Henry Milner Rideout (1877–1927) was an American writer. A native of Calais, Maine, he was the author of sixteen novels, twenty-three short stories and novellas and a biographical memoir. He also edited one college textbook and was co-editor of three others. Many of his stories appeared in The Saturday Evening Post.

==Rideout's Life==
Rideout's father, a miller and road contractor, died when Rideout was twelve. Rideout's elder brother, who managed a bank in California, became the support of the family. At school, Rideout's ability caught the attention of his English teacher, Laura Burns, who was a cousin of the distinguished Harvard professor of English, Charles Townsend Copeland. She and Copeland motivated a group of Calais townspeople to lend Rideout the wherewithal to enter Harvard in 1895, where he was the first in his family to attend college. At Harvard, his literary talent came to the fore. Eventually he became Editor-in-Chief of The Harvard Monthly. His friends at Harvard included William Morrow, William Jones, Raynal Bolling, and Arthur Ruhl. After graduating in 1899 as Class Odist, Rideout was an instructor in the Harvard English department.

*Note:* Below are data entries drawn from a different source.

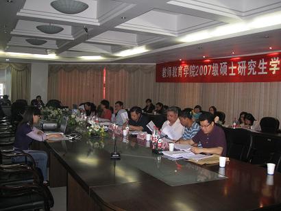 5月29日下午,我院在北校行政楼第五、六会议室,迎来首届硕士研究生学位论文答辩会。答辩主席分别由浙江大学的曹立人教授、盛群力教授担任,答辩委员会成员是浙江师范大学的章苏静教授、温州医学院的何金彩教授、丽水学院的周湘浙教授,以及我院的胡来林教授、郑信军教授、张宝臣教授、潘玉进副教授、郭文斌副教授、胡瑜副教授、黄亨奎副教授;朱倩云副教授、万荣根副教授担任答辩委员会秘书。参加本次答辩会的07级研究生分别来自心理学、教育学和计算机这三个方向;08级、09级全体研究生参与旁听。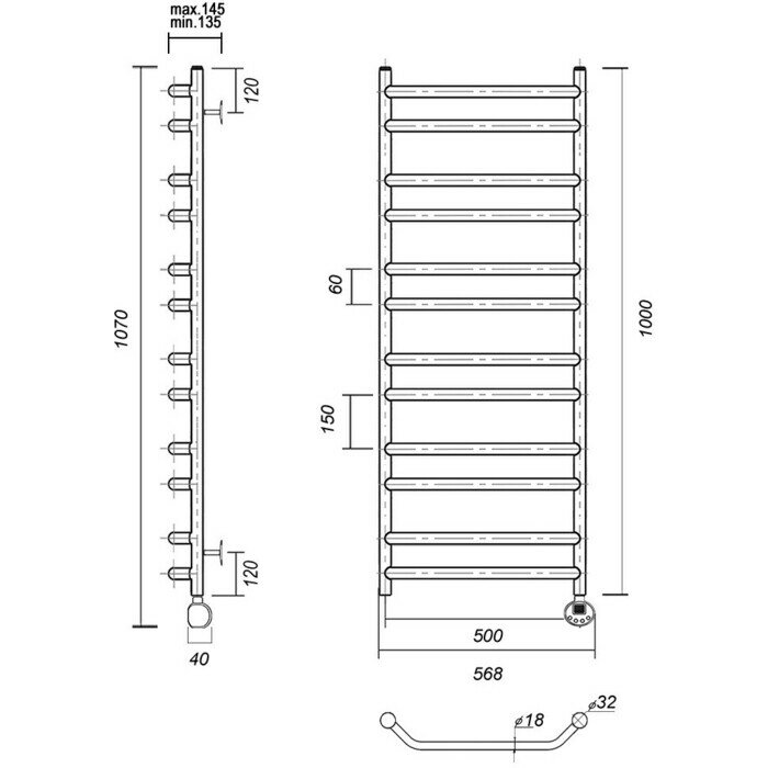 Полотенцесушитель электрический Domoterm Лаура П12 500х1000 ER справа информация: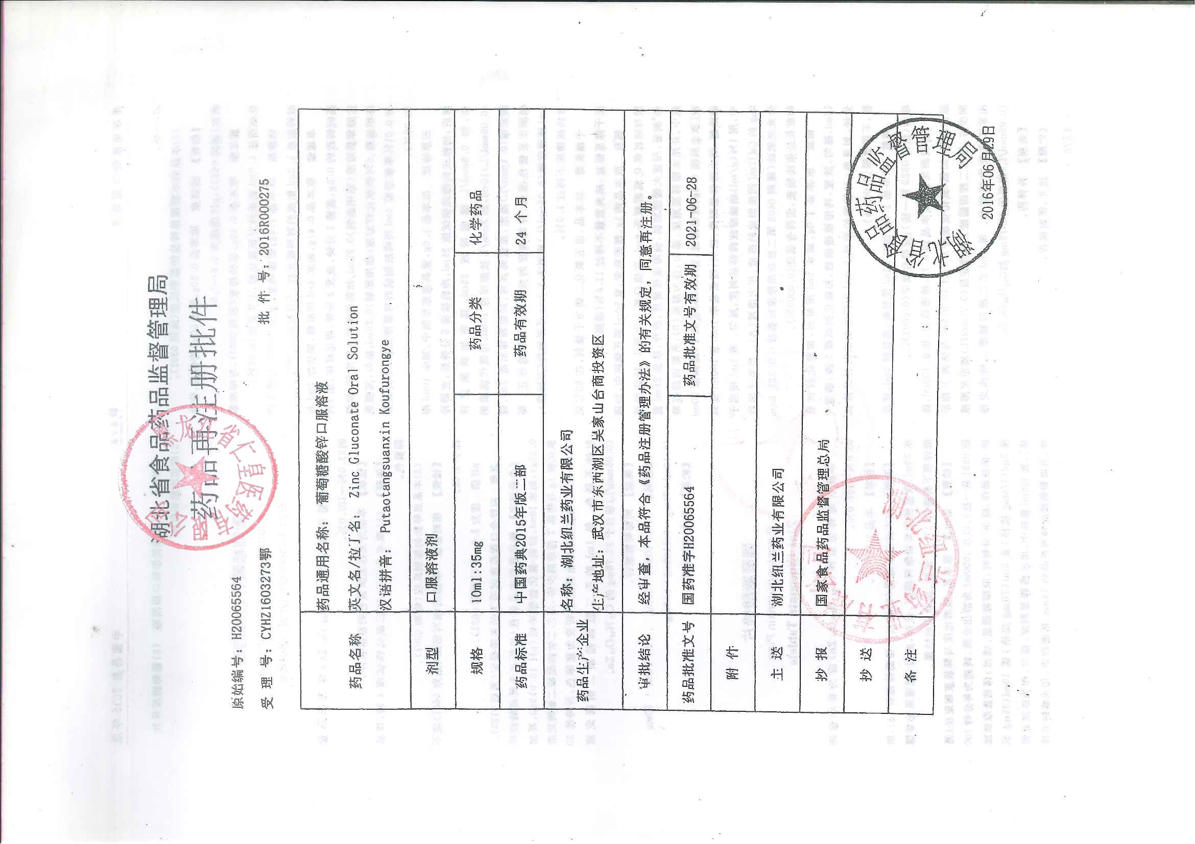 _葡萄糖酸锌口服溶液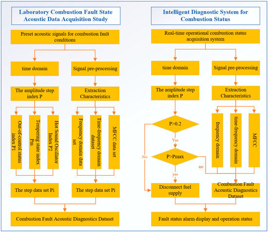 The voiceprint intelligent diagnosis system studied in this paper is mainly divided into two steps. The detailed research route is shown in Figure 2. The first step is the laboratory combustion fault voiceprint data acquisition research. Through the laboratory preset combustion fault sound signal, the amplitude step index P and the corresponding voiceprint features are calculated and extracted. In this experiment, there are three states: pre-set and experimental, flameout state (distinguished from the state of non-ignition, which is transformed from combustion state or combustion fault state), and the thermoacoustic oscillation and flameback state. After the acquisition, the corresponding indexes are calculated respectively to form a step data set. By calculating the step index, it provides a data basis for the intelligent diagnosis system to judge whether to disconnect the combustion. At the same time, the sound signal of the fault state is preprocessed by noise reduction, and the frequency domain, time–frequency domain, and MFCC voiceprint features are extracted and constitute the data set of combustion fault voiceprint diagnosis as a whole. The second step is to run the combustion state diagnosis system in real time. The acoustic signal of combustion fault preset by the laboratory is used as the diagnostic training set, and the real-time acquisition signal is used as the test signal. The size range and various characteristics of P are judged separately, and multiple signal characteristics are fused to obtain the final combustion state and determine whether it is necessary to alarm.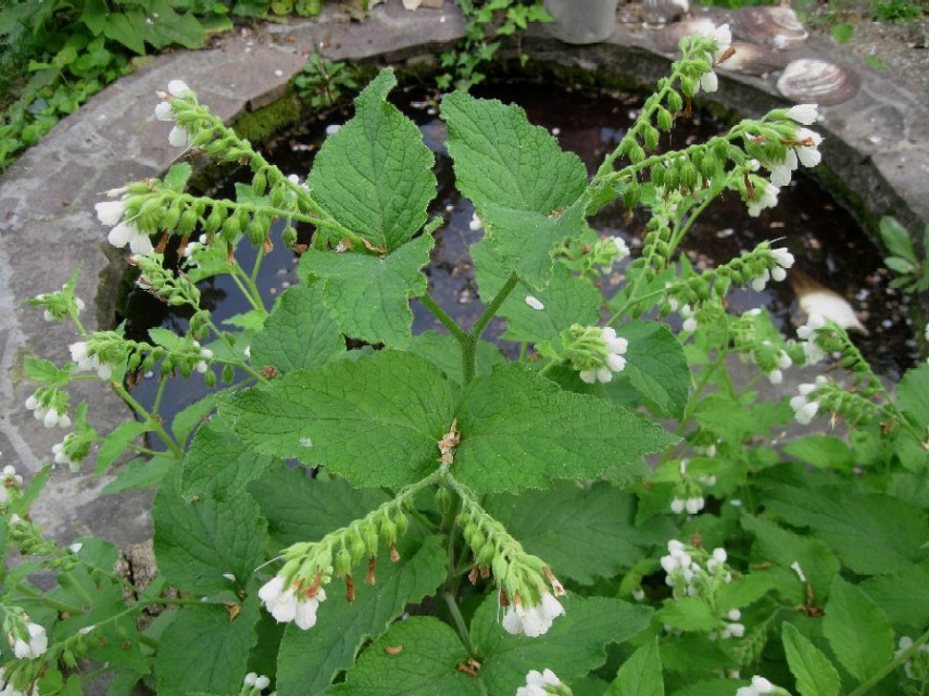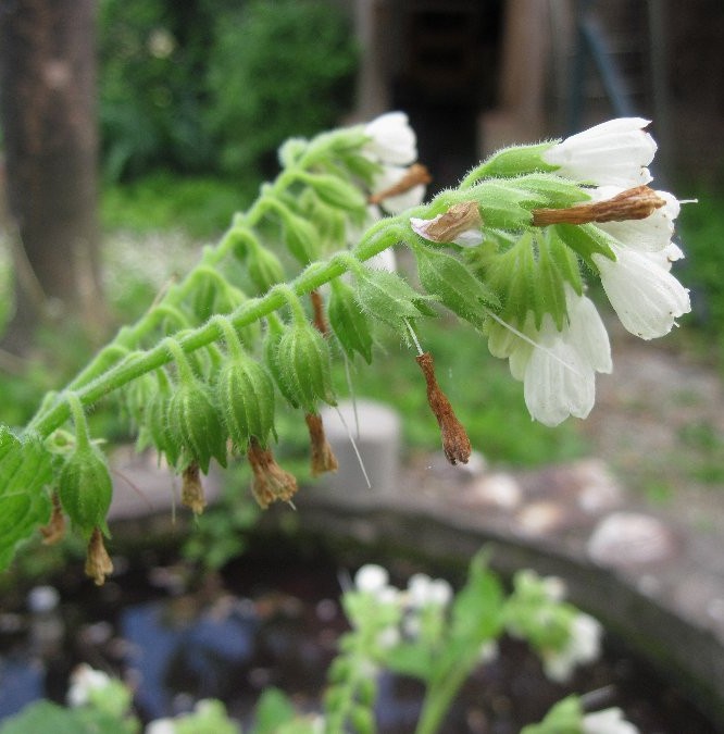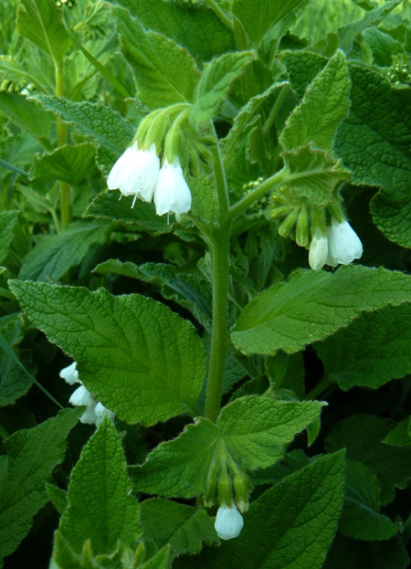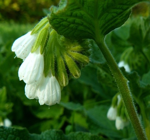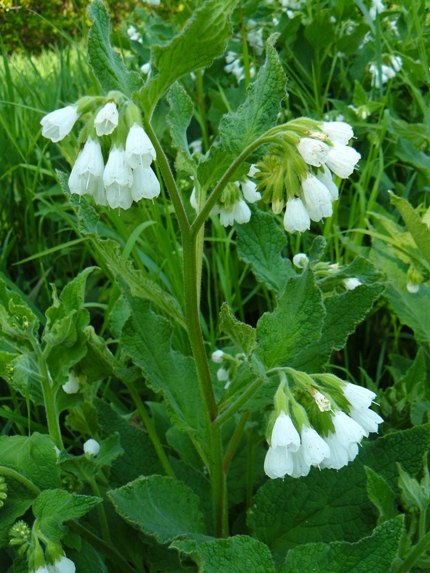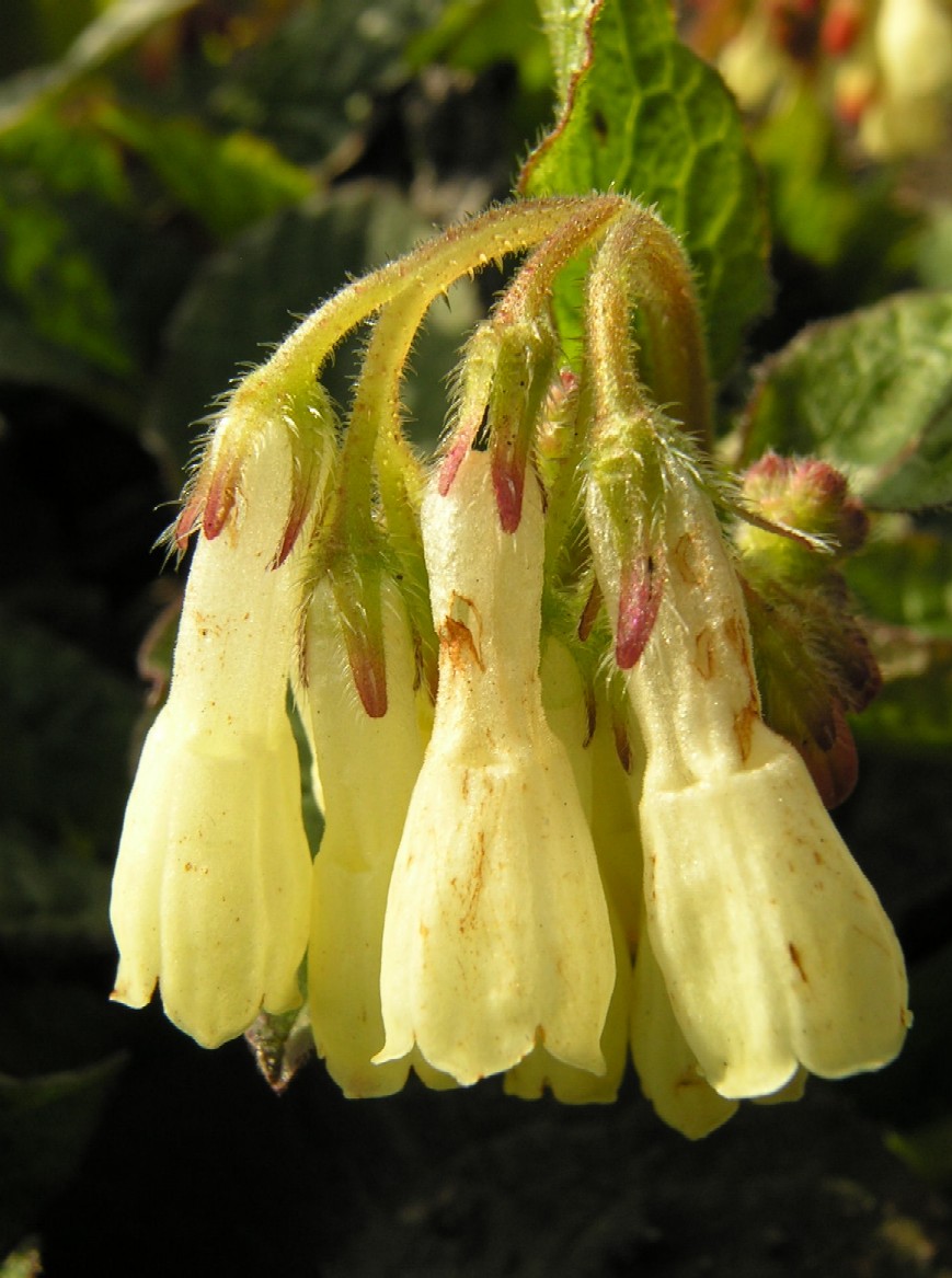 Symphytum- Blüten gelblich oder weiß, Schlundschuppen die Krone nicht überragend

Four years later, his college debts were paid and Rideout was free to turn away from a promising but uncongenial academic career. The Atlantic Monthly had accepted two of his short stories, giving him hope of earning his living by his pen. To gather background material, he set off from San Francisco for six months of travel in the Far East under contract to the American Woolen Company, reporting on jute mills in the Philippines, Indonesia, and India. Keeping careful notes, writing long detailed letters to his brother, he observed so well and later used atmosphere so skillfully that readers familiar with places such as Bangkok or Canton were persuaded that Rideout's familiarity equaled their own. During that arduous circumnavigation, Rideout made lifelong friendships with various expatriate working people, especially sea captains. When his final jute-reports were filed, he returned via Europe, and settled down in central California with his bank-manager brother to begin an all-out effort to write novels for a living.

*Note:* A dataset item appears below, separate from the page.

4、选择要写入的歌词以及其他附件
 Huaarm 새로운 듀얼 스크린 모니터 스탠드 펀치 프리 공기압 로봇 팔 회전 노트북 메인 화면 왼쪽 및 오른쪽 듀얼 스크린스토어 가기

In California, he met his future wife Frances Reed, also a gifted writer. They lived in her family home in Sausalito where they raised their three children. There were a number of Rideout cousins in California, among them the playwright Ransom Rideout (1899–1975), whose play "Goin' Home" was performed on Broadway in 1928 and staged by Antoinette Perry and Brock Pemberton, and who wrote dialogue for the film Hallelujah!, directed by King Vidor. As Rideout's work gained renown, readers in the United States, Canada, and Great Britain were eager for his stories. His eminence became such that the San Francisco Chronicle ran a banner headline announcing his sudden death from pneumonia while on a family trip to Europe.

==Critical appraisal==

In a 1920 essay titled "The National Letters," H.L. Mencken said,

One constantly observes the collapse and surrender of writers who started out with aims far above that of the magazine nabob. I could draw up a long, long list of such victims: Henry Milner Rideout, Jack London, Owen Johnson, Chester Baily Fernald. . . .

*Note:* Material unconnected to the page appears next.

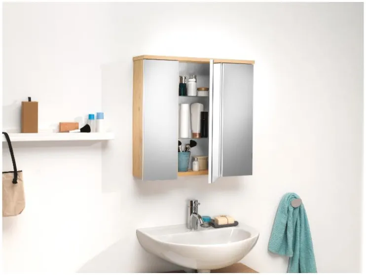 | Materiaal: | Melamineharsgecoate spaanplaat, Eiken, Spiegel |
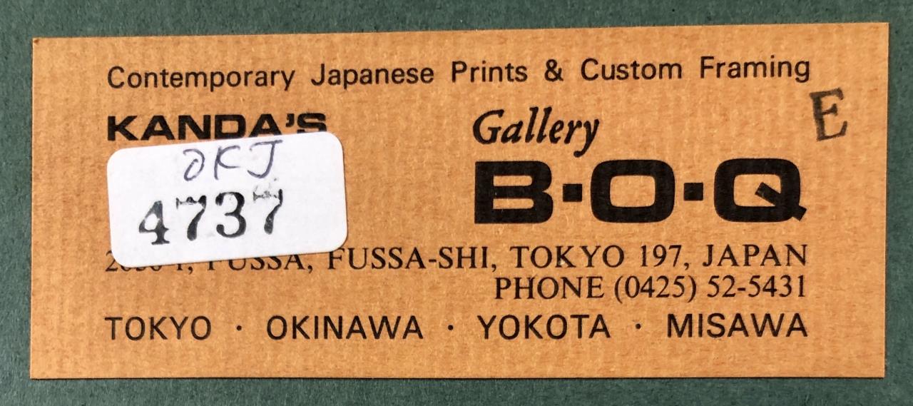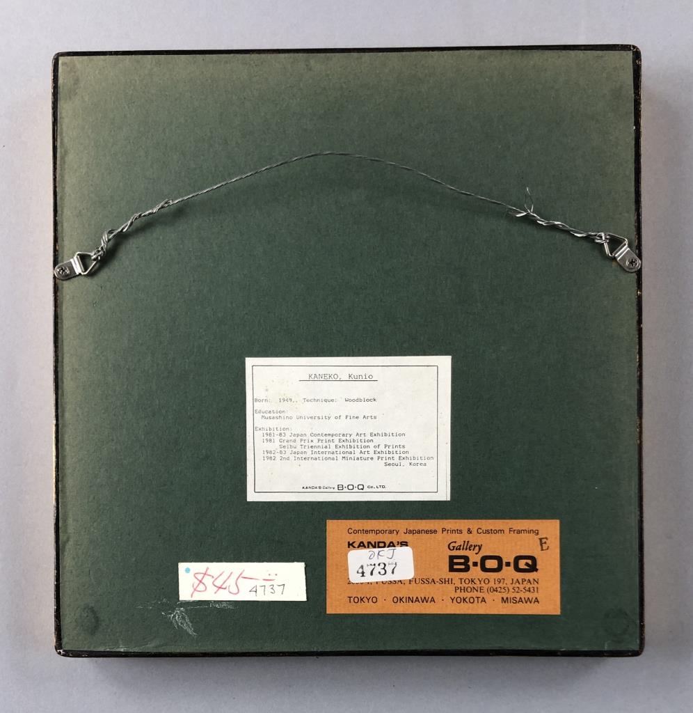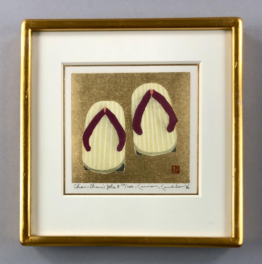 Pair of Kunio Kaneko (Japanese, B. 1949) limited edition woodblock prints of sandals, pencil signed, dated, and numbered on bottom edges, in matching gilt gesso and wood frames, both measuring approximately 8-3/4″ x 8-1/2″. Provenance: ex-private Saint Johns, Michigan, USA collection; Kanda’s Gallery BOQ, Tokyo, Japan, 6/1988. Original receipts, bills of sale, invoices, or other similar documents of purchase or ownership may not necessarily be included even when pictured and are only shown to help better establish the provenance of a piece. CONDITION: Not examined out of frames, some scratching and loss of gilt gesso to frames. SHIPPING: In-House Shipping Available. Please read our Shipping Policies and Terms and Conditions

Yet a study of Rideout's life reveals that his literary career was more like a workman following traditions of honest craftsmanship. Rideout's Far Eastern voyage also fits into his Down East heritage. Maine Rideouts had been shipbuilders since the late seventeenth century. They were lumbermen who cut the trees to build those ships. Some were farmers who made the most of the resources of the Maine coast by building a family schooner to venture to China or India on a trading voyage. Rideout set out to seek literary treasure on the other side of the world. With workmanlike modesty, Rideout spoke of his stories as his "yarns." Even when he became well known, he never saw himself as a literary figure, and he despised coteries, literary movements, and intellectual snobbery.

Rideout's fiction drew from two different sources: Maine background, or exotic background. Though his most acclaimed work is in the former vein, yet toward the end of his life he did equally well with a group of traditional Chinese tales told him at the Sausalito kitchen table by his friend Pan Ruguei. Those stories were collected as Tao Tales. John Macy said in a 1928 review that Rideout set the Chinese stories in "enticingly classic English."

The classical training absorbed at Harvard shows in the commemorative ode commissioned from Rideout for the Tercentennial Anniversary of the settlement of Saint Croix Island, Maine in 1904. Moreover, that ode, alone of all the Tercentennial speeches and formalities, makes mention of Native Americans. This awareness shows in his college friendship with William Jones, the Native-American anthropologist who died in the Philippines in 1909. (William Morrow and Raynal Bolling commissioned Rideout to write a memorial biography of Jones.) Rideout's last published work was an adventure story, Lola the Bear, set in the Maine woods among tribal people with whom Rideout had hunted and fished since boyhood.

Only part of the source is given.